When the speech was over, and evidence was filling up the day’s business, Mr. Windham returned. Some time after, but I have forgotten how, we were agreeing in thinking suspense, and all obscurity, in expectation or in opinion, almost the thing’s most trying to bear in this mortal life, especially where they lead to some evil construction.

“But then,” cried he, “on the other hand, there is nothing so pleasant as clearing away a disagreeable prejudice; nothing SO exhilarating as the dispersion of a black mist, and seeing all that had been black and gloomy turn out bright and fair.”

“That, Sir,” cried I, “is precisely what I expect from thence,” pointing to the prisoner.

What a look he gave me, yet he laughed irresistibly.

“However,” I continued, “I have been putting my expectations from your speech to a kind of test.”

“And how, for heaven’s sake?”

“Why, I have been reading—running over, rather—a set of speeches, in which almost the whole House made a part, upon the India bill; and in looking over those I saw not one that had not in it something positively and pointedly personal, except Mr.

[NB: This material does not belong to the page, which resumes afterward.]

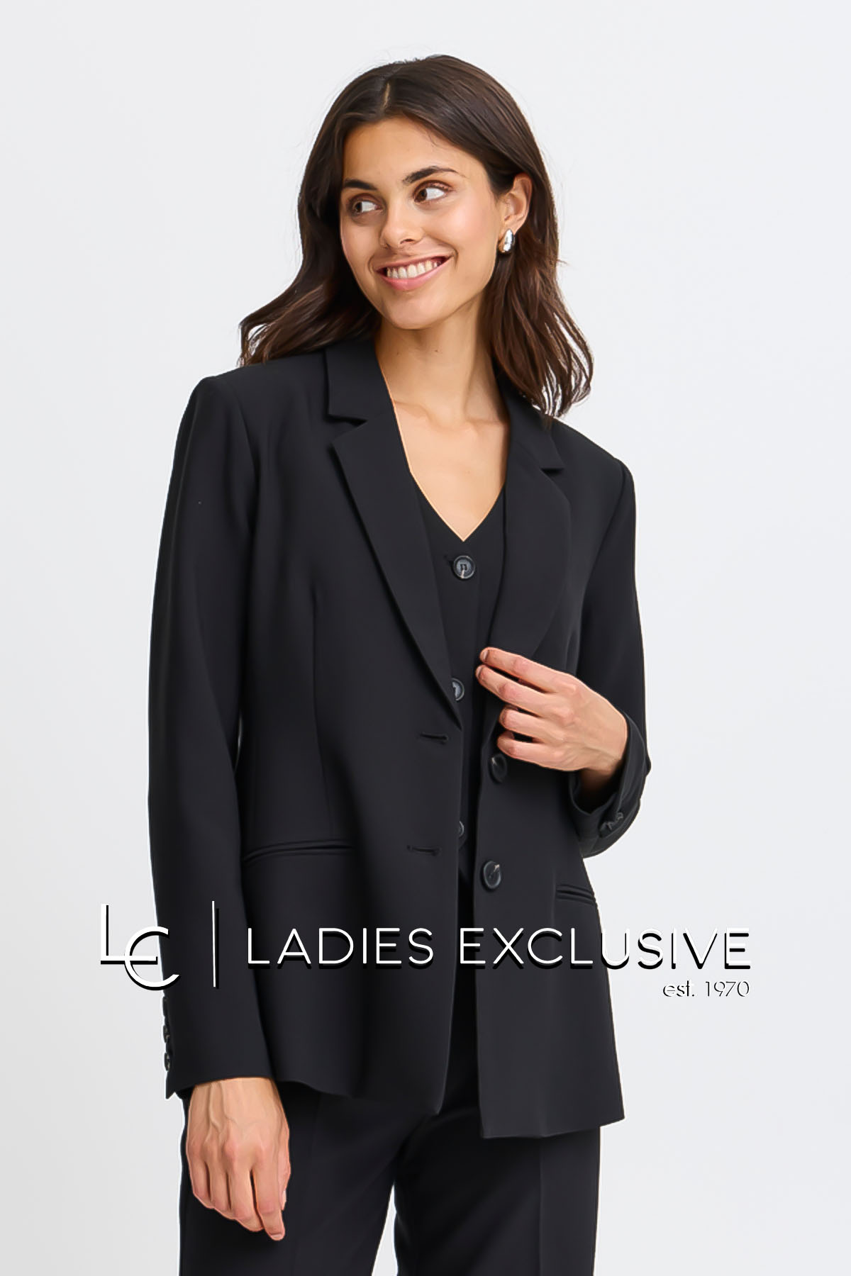 FRANSA Σακάκι μαύρο από βισκόζη με εξωτερικές τσέπες. Γίνεται σετ με το παντελόνι με κωδικό 20615348.01.

Windham’s.”

“O, that was a mere accident.”

“But it was just the accident I expected from Mr. Windham. I do not mean that there was invective in all the others, for in some there was panegyric—plenty! but that panegyric was always so directed as to convey more of severe censure to one party than of real praise to the other. Yours was all to the business, and hence I infer you will deal just so by Mr. Hastings.”

“I believe,” cried he, looking at me very sharp, “you only want to praise me down. You know what it is to skate a man down?”

“No, indeed.”

“Why, to skate a man down is a very favourite diversion among a certain race Of wags. It is only to praise, and extol, and stimulate him to double and treble exertion and effort, till, in order to show his desert of such panegyric, the poor dupe makes so many turnings and windings, and describes circle after circle with such hazardous dexterity, that, at last, down he drops in the midst of his flourishes, to his own eternal disgrace, and their entire content.”

I gave myself no vindication from this charge but a laugh; and we returned to discuss speeches and speakers, and I expressed again my extreme repugnance against all personality in these public harangues, except in simply stating facts. “What say you, then,” cried he, “to Pitt?” He then repeated a warm and animated praise of his powers and his eloquence, but finished with this censure: “He takes not,” cried he, “the grand path suited to his post as prime minister, for he is personal beyond all men; pointed, sarcastic, cutting; and it is in him peculiarly unbecoming. The minister should be always conciliating; the attack, the probe, the invective, belong to the assailant.” Then he instanced Lord North, and said much more on these political matters and maxims than I can possibly write, or could at the time do more than hear; for, as I told him, I not only am no politician, but have no ambition to become one, thinking it by no means a female business.